Tareq Hussein Ali, le frère de Wedat Hussein Ali, a déclaré à Amnesty International :

« Sa main droite et son pied droit étaient cassés, ses yeux portaient de nombreuses ecchymoses et toutes ses côtes étaient cassées. Mon frère a été frappé et torturé. Il a été emmené sous la menace d’une arme en plein jour, sur une route très fréquentée de Dahuk, en pleine heure de pointe. Comment les autorités peuvent-elles laisser cela se produire ? Comment peuvent-elles n’avoir rien à dire ? »

Les membres de la famille et les collègues de Wedat Hussein Ali ont également déclaré à Amnesty International qu’il avait déjà reçu des menaces de mort par téléphone et qu’il avait été interrogé par l’Asayish de Dahuk à plusieurs reprises. Ils ont déclaré qu’il avait été battu au cours d’un des interrogatoires. Il avait dit à sa famille qu’on lui avait demandé d’arrêter son travail de journaliste pour l’agence de presse RojNews, ou de devenir informateur pour l’Asayish. Il avait refusé et avait continué de travailler pour l’agence de presse. Les collègues de Wedat Hussein Ali à RojNews, une agence considérée comme étant en faveur du PKK (le Parti des travailleurs du Kurdistan), ont en outre déclaré à Amnesty International qu’il travaillait principalement sur les questions liées au conflit politique actuel au Kurdistan irakien et qu’il transportait du matériel vidéo dans sa voiture le jour où il a été enlevé.

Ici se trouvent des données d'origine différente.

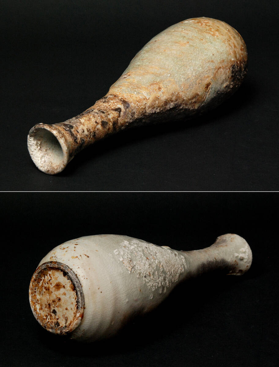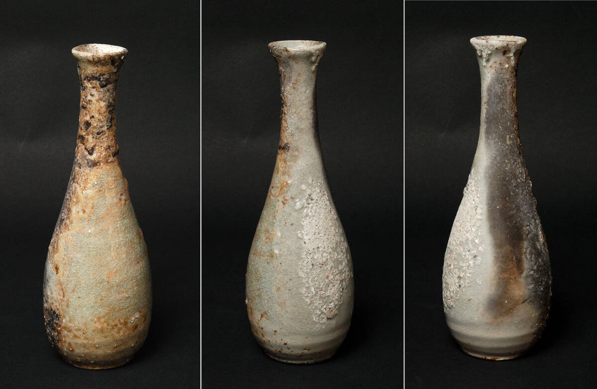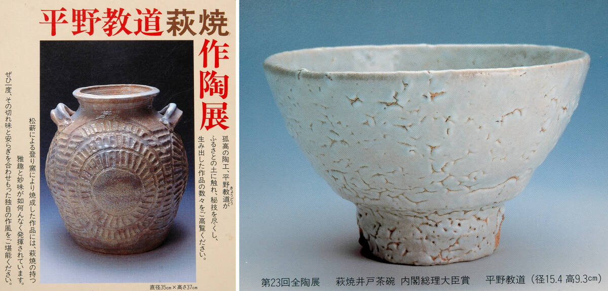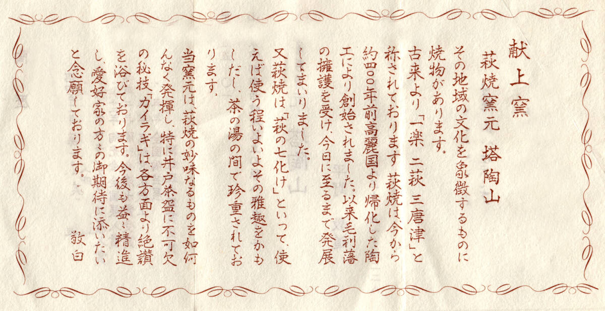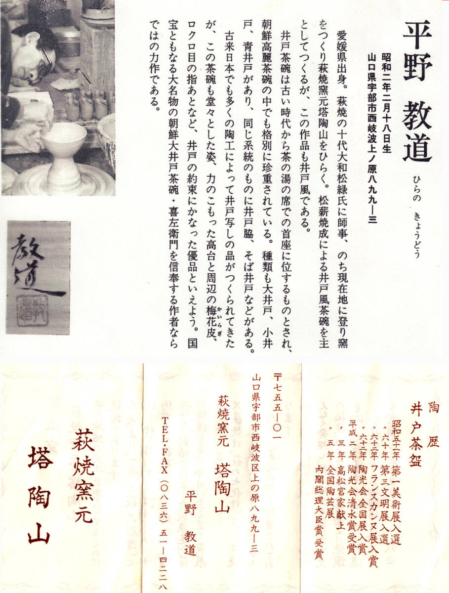 | * 商品説明 * 萩焼の抹茶碗で内閣総理大臣賞も受賞された平野教道 作の鶴首の1輪挿しです。高さは約22cmで、口径は約3.8cm、挿し穴は約1.2cm、底の径は約5.1cmです。周りの景色が迫ってくるような感じがします。教道氏の作品には間違いはありませんが、陶印が入っていないようです。氏の抹茶碗などは都内のデパートでの展示販売会などでは氏の茶碗は50万円~200万円で取引されたとの事です。 かなり前に亡くなられましたので、もう造られる事はありません。教道 先生とは多少のご縁が有りまして、作品を回して頂きました。今回は花瓶を含めて14点ほどを出品しました。共箱等はございませんが、未使用品です。どうぞお役立てください。・・・茶の湯の世界では古から、茶人の茶碗の好みの順位、また格付けとして、『一楽二萩三唐津』と言われてきました。 1つ目、楽焼(京都)。 2つ目、萩焼(山口県萩市)、3つ目が唐津焼(佐賀県唐津市)です。 |
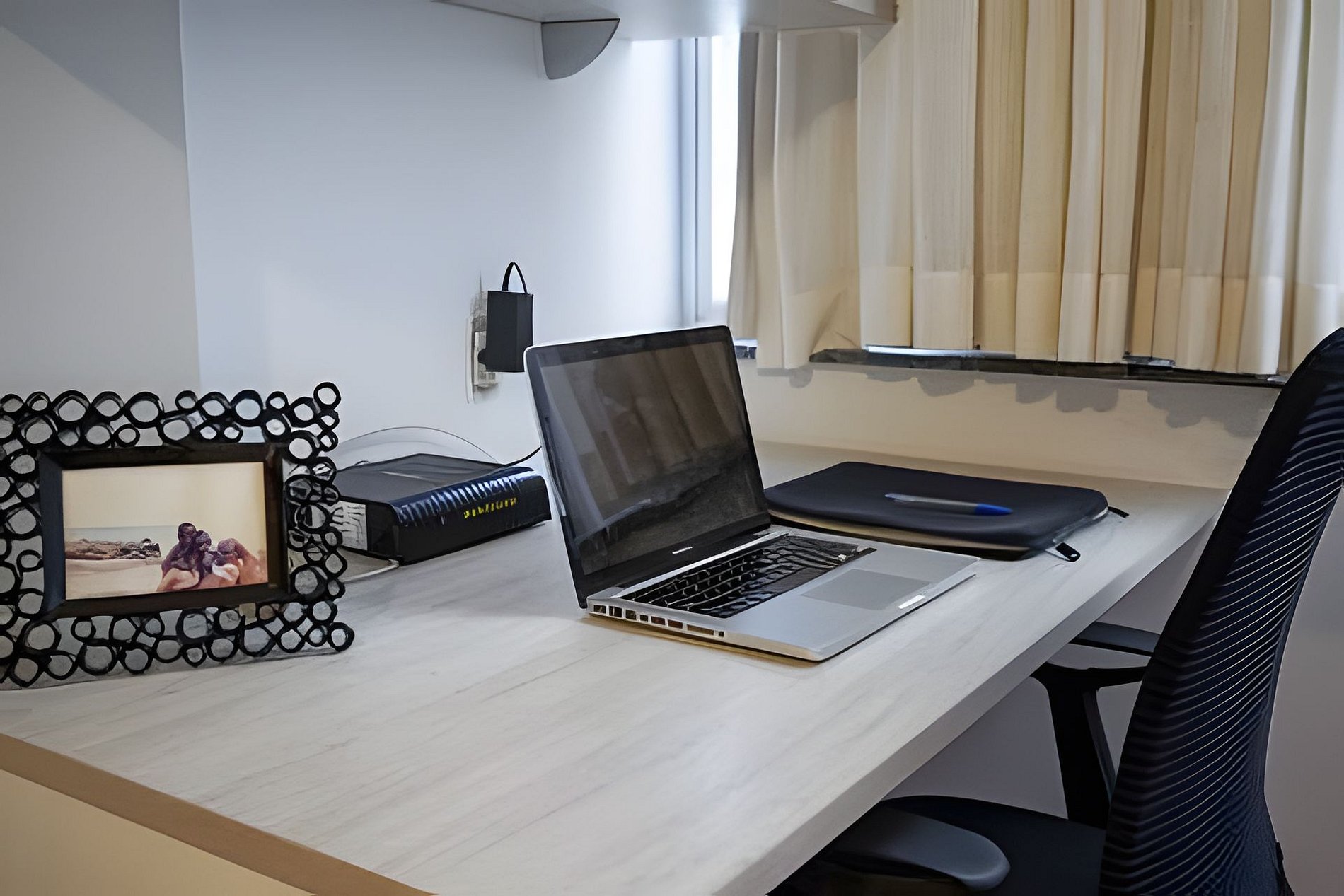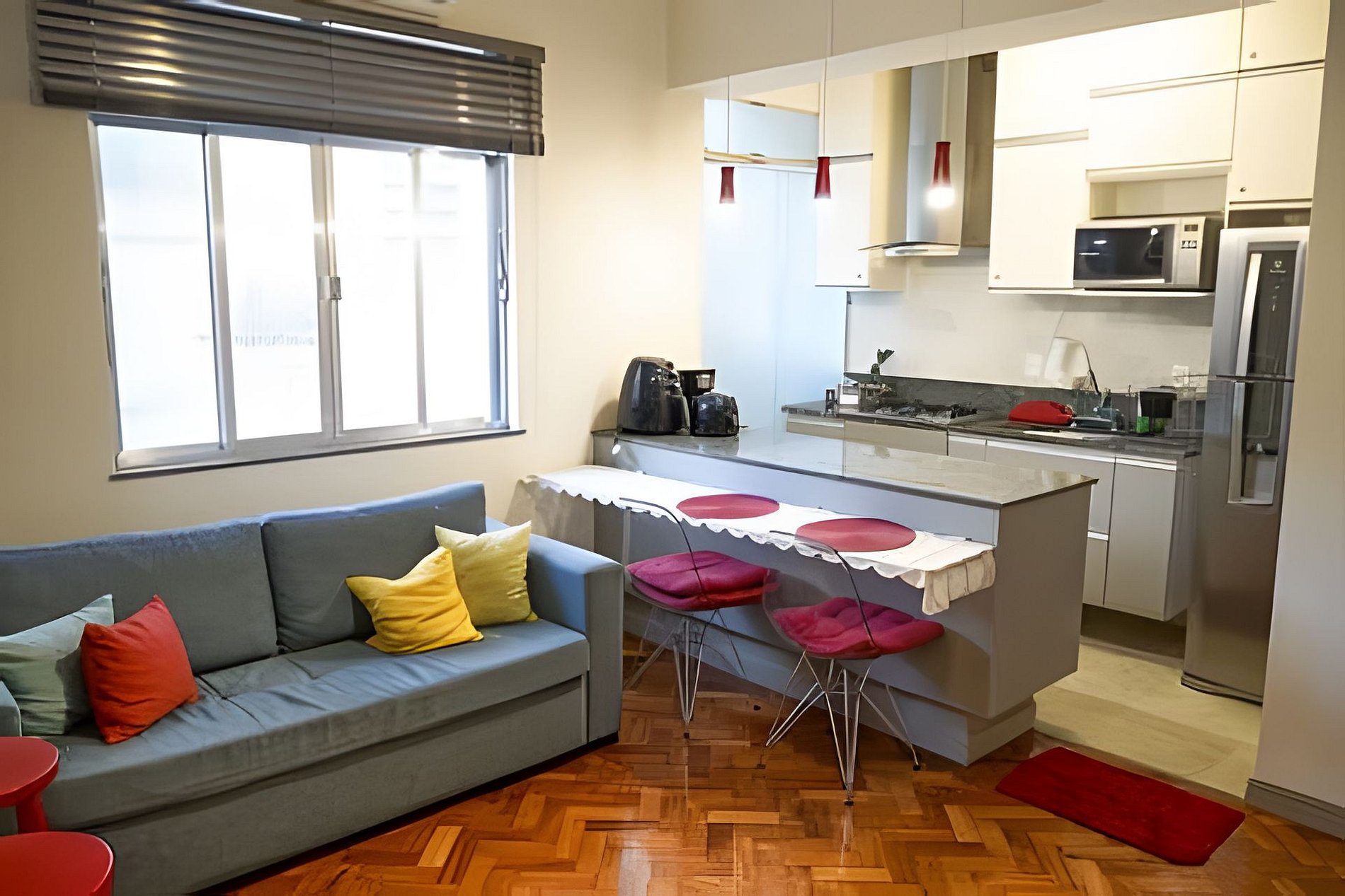 El apartamento tiene muchas ventanas, siendo una de la habitación y una de la sala grandes, lo que hace que sea muy ventilado e iluminado. En la suite los muebles son planificados, con mesa de home office/estudio y un armario amplio, posee dos camas con otras dos retráctiles/articulables debajo que quedan a la misma altura de una cama normal, posee ropa de cama y baño y televisión en la habitación.

Le 15 août 2016, le cabinet de la présidence du Kurdistan irakien a publié une déclaration affirmant que le président avait « ordonné aux autorités compétentes de mener une enquête sur ces événements, d’arrêter les responsables et de les amener à rendre des comptes ». Amnesty International demande au gouvernement régional du Kurdistan de veiller à ce que l’enquête soit impartiale et minutieuse, de mettre en place des mesures efficaces pour garantir la sécurité des témoins et de donner aux proches de Wedat Hussein Ali des informations sur l’état de l’enquête et sur toutes les mesures prises, conformément aux normes internationales, notamment aux Principes des Nations unies relatifs à la prévention efficace des exécutions extrajudiciaires, arbitraires et sommaires et aux moyens d’enquêter efficacement sur ces exécutions. L’organisation est préoccupée par le fait que les exactions commises contre des journalistes en Irak, y compris au Kurdistan irakien, sont généralement restées impunies ces dernières années.

Complément d’information

En Irak, et dans une certaine mesure au Kurdistan irakien, les journalistes travaillent dans un climat d’insécurité et le Comité pour la protection des journalistes a classé le pays parmi les pays les plus dangereux au monde pour les journalistes chaque année ces dix dernières années. Wedat Hussein Ali est l’un des nombreux journalistes en Irak, y compris au Kurdistan irakien, qui ont été pris pour cible ces dernières années et ont ainsi été victimes de menaces, d’enlèvements et de détentions et, dans de nombreux cas, ont été tués pour avoir fait leur travail. Amnesty International avait déjà demandé par le passé que les journalistes en Irak, y compris au Kurdistan irakien, soient protégés et avait exprimé ses inquiétudes quant au fait qu’aucune enquête ne soit menée.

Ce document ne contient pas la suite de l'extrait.